Chi-squared distribution revisited

Today, while reviewing the regression techniques in the ESL book (Element of Statistical Learning, btw this book is pure gold, I highly recommend it!), I stumbled upon the chi-squared distribution. Concretely, the author shows that:

(N-p-1) \hat{\sigma}^2 \sim \sigma^2 \chi^2_N-p-1

a chi-squared distribution with N-p-1 degrees of freedom, with \hat{\sigma}^2 an unbiased estimate of \sigma^2 .

They use these distributional properties to form tests of hypothesis and confidene interval for the parameters \beta_j .

It has been a very long time since I saw the chi-squared ditribution, and of course my understanding of it becomes quite rusty.
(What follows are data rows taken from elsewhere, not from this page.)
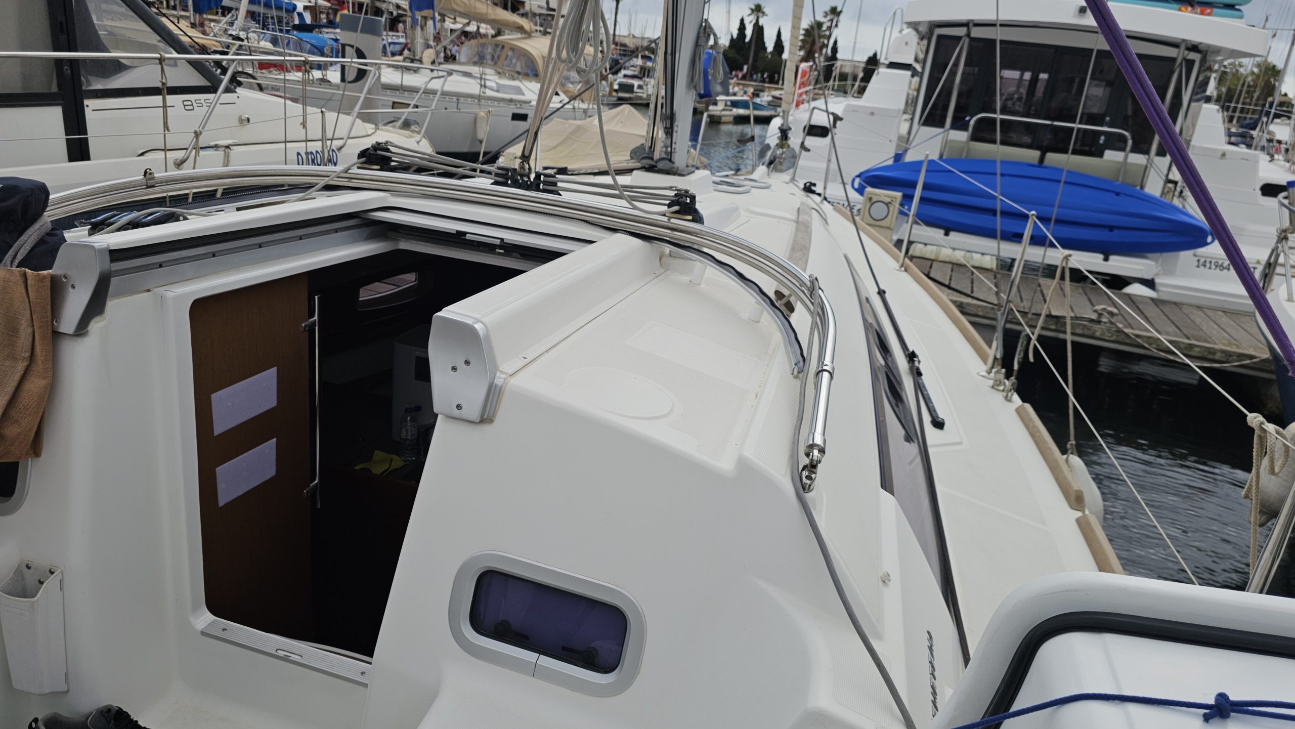 EXTERIOR DESIGN: The Oceanis 31 is the ultimate small family cruiser and boasts a classic and timeless profile. The cockpit offers a great sense of security, as maneuvers are easy. Once again, safety and simplicity are prioritized when accessing the sea through a small transom door in the skirt.
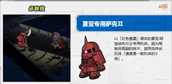 3、可释放连续技、进行闪避、施展必杀等,同时夏亚“三倍速”等经典台词也得以还原,让战斗充满强烈的临场感。
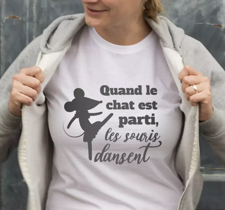 100% original, ce tee-shirt texte expression célèbre souris est parfait pour ceux et celles qui aiment transgresser les règles en secret ! Son motif indique en différentes calligraphies le fameux proverbe "Quand le chat est parti, les souris dansent", illustré d'une amusante souris en tutu en train de danser. Un article en coton agréable à porter dont l'impression est de qualité supérieure et de haute résolution. Nous recommandons de le laver et repasser à l'envers pour en profiter le plus longtemps possible. Sélectionnez la couleur du texte et la taille de votre choix pour passer votre commande en ligne. Vous recevrez dans les plus brefs délais votre tee-shirt texte proverbe quand le chat est parti !
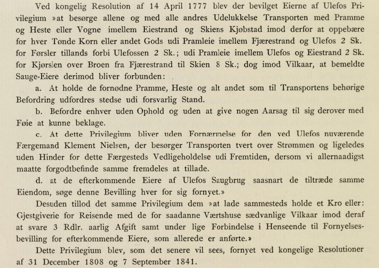 I 1777 får eieren av Ulefos einerett på skysstrafikken mellom stranda ved Eie og Skien by. Detta har trulig vært lukurativt. Clemmet Nielsen er alt i gang med sin fergetrafikk over strømmen og han skulle ikke få noen hindringer ved oppstarten av transportruta. I tillegg skulle han få drive gjestegiveri! Les meir om fergetrafikken og gjestegiveriet i bolken «Bruene ved ulefossen og elvekryssing i gammal tid».
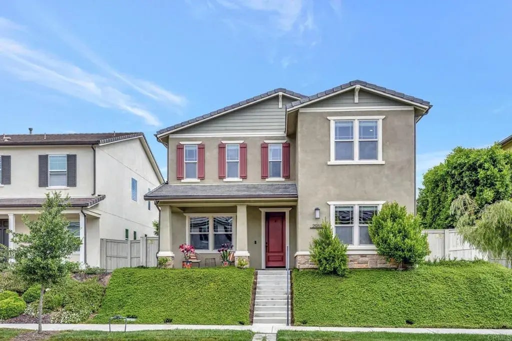 This beautiful Andalucia home in Harmony Grove Village offers a perfect blend of comfort, space, and functionality and features 5 bedrooms, 4 full bathrooms, 2 half bathrooms, an office, and rec room above the garage. It includes a first level bedroom & private bathroom, owned solar panels, tankless water heater, stacking door system, closet systems, built-in book shelves, California Room, lush landscaping, and a true three-car garage. The kitchen boasts upgraded flooring, white cabinets, a large island with seating, pendant lighting, full custom tile backsplash, under cabinet lighting, stainless steel appliances, double ovens, built-in trash receptacles, and a walk-in pantry. Sliding glass doors lead to the California Room for seamless indoor-outdoor living. The kitchen opens to a spacious dining area, which flows into the family room, creating an open-concept layout ideal for everyday living and entertaining. The primary suite features recessed lighting, a ceiling fan, and multiple windows. The en-suite bath offers two walk-in closets, dual sinks with under-cabinet storage, an oversized mirror, a soaking tub, a private toilet room, and a floor-to-ceiling tile walk-in shower with a bench and glass door. The downstairs features a private office with a built-in bookshelf and large windows. The family room includes a built-in entertainment area with lower cabinetry and expansive windows on both sides, filling the space with natural light. It flows seamlessly into a covered California Room, extending the living area outdoors. The stairway features recessed lighting and a windo
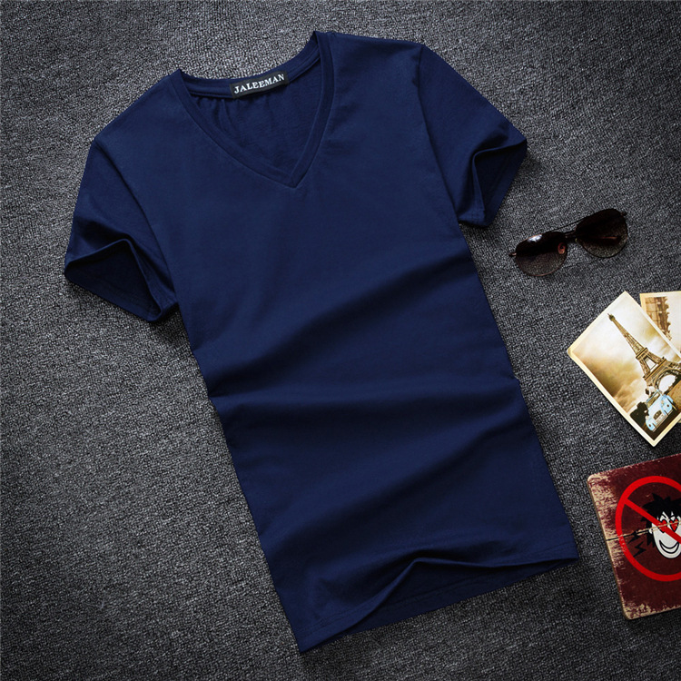 대외 무역 도매 재고 남성용 세련된 면화 남성용 반팔 티셔츠 도매 2020 여름 새로운 단색 V 넥스토어 가기
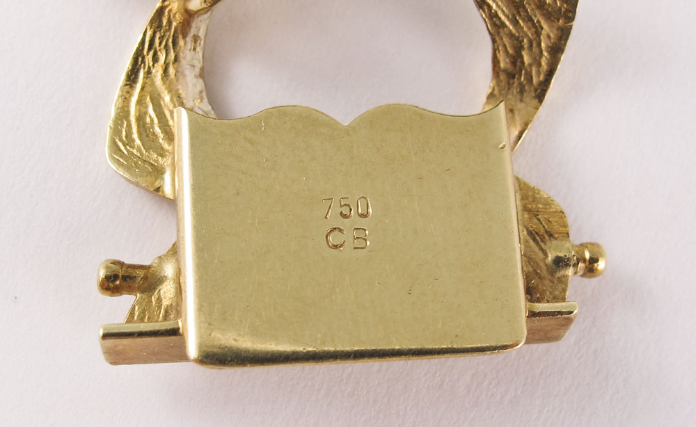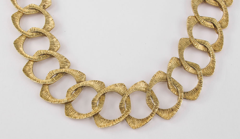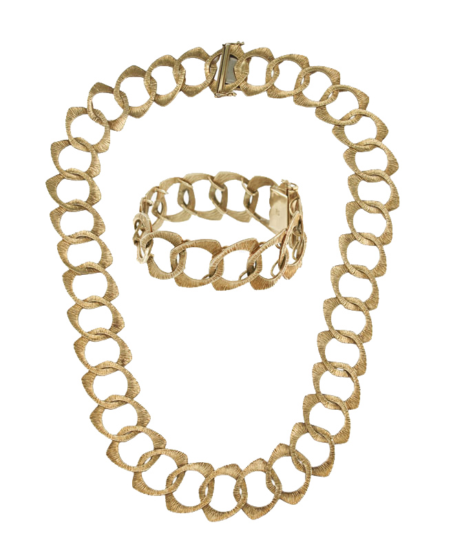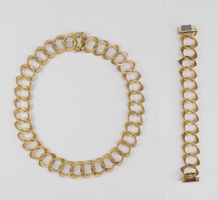18K CARL BUCHERER NECKLACE AND BRACELET: In the original presentation box. Textured 18K yellow gold open link necklace and bracelet set. Purchased in 1964. Weight: 111.4 Grams.
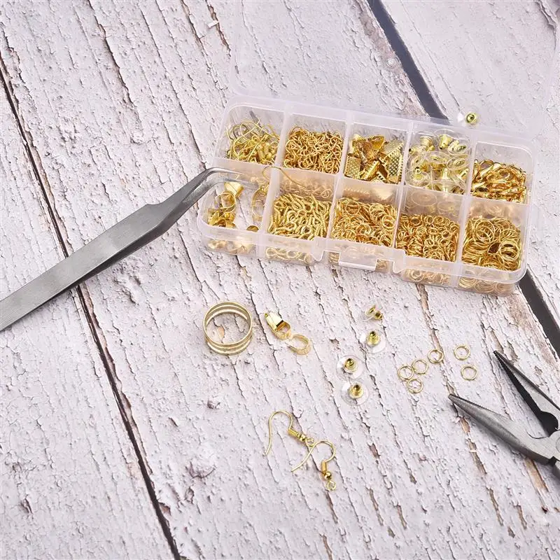 Набор фурнитуры для изготовления ювелирных изделий сделай сам, комплект инструментов для открытия колец, сережек, крючков, застежки-лобстер, бокс для ювелирных изделий
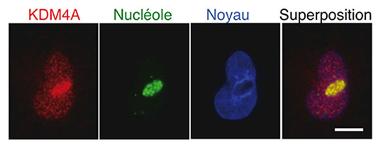 La chromatine est la forme sous laquelle se présente l'ADN dans le noyau des cellules eucaryotes. Elle est constituée de l'ADN associé à des protéines histones et non-histones. Un enjeu majeur en Biologie concerne l'identification des mécanismes épigénétiques impliqués au niveau de la chromatine dans le contrôle de l'expression des gènes ainsi que la compréhension de leur régulation par la cellule et leur coordination avec les conditions extra-cellulaires. L'histone-déméthylase KDM4A, également appelée JMJD2A, catalyse l'enlèvement des groupements méthyle sur les résidus lysine des protéines. Plus particulièrement, elle cible au niveau de la chromatine la lysine 9 de l'histone H3 di- et tri-méthylée, marque épigénétique répressive de la transcription des gènes. Ainsi, la méthylation/déméthylation au niveau de la lysine des protéines histones et non-histones a un rôle important dans la régulation de l'expression des gènes.Les chercheurs montrent que la protéine KDM4A s'accumule dans les nucléoles des cellules d'ostéosarcome (U2OS) en réponse au sérum où il est recruté au niveau des ADN ribosomiques (ADNr) pour déméthyler H3K9me3 et activer leur transcription. La voie de signalisation PI3K/SGK1 activée par le sérum est identifiée comme nécessaire à la translocation nucléolaire de KDM4A et à la transcription des ARN ribosomiques (ARNr).
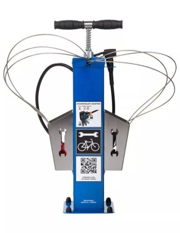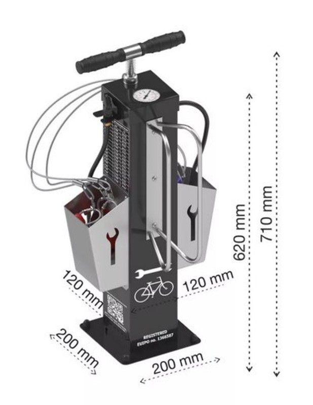 Estación de reparación modelo B6B, ideal para reparar todo tipo de bicicletas, patinetes, monopatines o sillas de ruedas. Dispone de 6 herramientas sujetas con cuerdas de acero inoxidable, recubiertas de plástico que permiten llegar a todos los componentes y realizar un autoservicio de reparación, sin dañar el medio de transporte. Incorpora 2 cestas para las herramientas, una bomba manual con adaptador para todo tipo de válvulas y un gancho lateral. La estación de reparación con unas dimensiones de 71x32x33cm permite la rotulación con una área publicitaria de 1500 cm2. Este modelo puede incorporar una placa de tierra de instalación móvil que permite desmontar y montar la estación, fijado sobre un elemento duradero existente con una cuerda de acero y un candado.

So I think this is a good chance to revisit this important distribution.

Before talking about the chi-squared distribution, we need to review some notions. First, we have the gamma function:

For \alpha > 0, the gamma function \Gamma(\alpha) is defined by:

\Gamma(\alpha) = \int_0^\infty x^{\alpha-1}e^{-x}dx

and for any positive integer n, we have: \Gamma(n) = (n-1)!.

Now let:

f(x,a) = \frac{x^{\alpha-1}e^{-x}}{\Gamma(\alpha)}  if x \geq 0


f(x,a) = 0 otherwise.

Then f(x,a) \geq 0. The gamma function implies that:

\int_0^\infty f(x,a)dx = \frac{\Gamma(\alpha)}{\Gamma(\alpha)} = 1

Thus f(x,a) satisfies the 2 basic properties of a probability distribution function.

We will now use this function to define the Gamma distribution and then the Chi-squared distribution. 

A continuous random variable X is said to have a Gamma distribution if the pdf of X is:

f(x;\alpha,\beta) = \frac{1}{\beta^\alpha \Gamma(\alpha)} x^{\alpha-1} e^{-x/\beta} for x \geq 0


f(x;\alpha,\beta) = 0 otherwise

where the parameters \alpha and \beta are positive. The standard Gamma distribution has \beta = 1, so the pdf of a standard gamma is given by the f(x,a) given above.

The Gamma distribution is widely used to model the extent of degradation such as corrosion, creep, wear or survival time.

The Gamma distribution is a family of distribution. Both the Exponential distribution and Chi-squared distribution are special case of the Gamma.

As we can see, the gamma distribution takes two arguments. The first (\alpha) defines the shape. If shape is close to zero, the gamma is very similar to the exponential. If shape is large, then the gamma is similar to the chi-squared distribution.

Now we will define the chi-squared distribution.

Let \nu be a positive integer. Then a random variable X is said to have a chi­-squared distribution with parameter n if the pdf of X is the gamma density with \alpha = \nu /2 and \beta = 2. The pdf of a chi-squared rv is thus:

f(x,\nu) = \frac{1}{2^{\nu/2}\Gamma(\nu/2)}x^{\nu/2}e^{-x/2} for x \geq 0


f(x,\nu) = 0 otherwise

The parameter \nu is called the degrees of freedom df of X.

The chi-squared distribution is important because it is the basis for a number of procedures in statistical inference. The central role played by the chi-squared distribution in inference springs from its relationship to normal distributions. Concretely, the chi-squared distribution is the distribution of a sum of the squares of k independent standard normal random variables. For example, in the case of linear regression, the variable (y_i - \hat{y}_i) follow a normal distribution, thus to model the variance of X, which is the sum of the square of these values, we use a chi-square distribution.

The chi-squared distribution is the foundation of chi-squared tests. There are 2 types:

  • The goodness-of-fit test.
  • The test of independence.

Perhaps we will look at these tests in details in another post.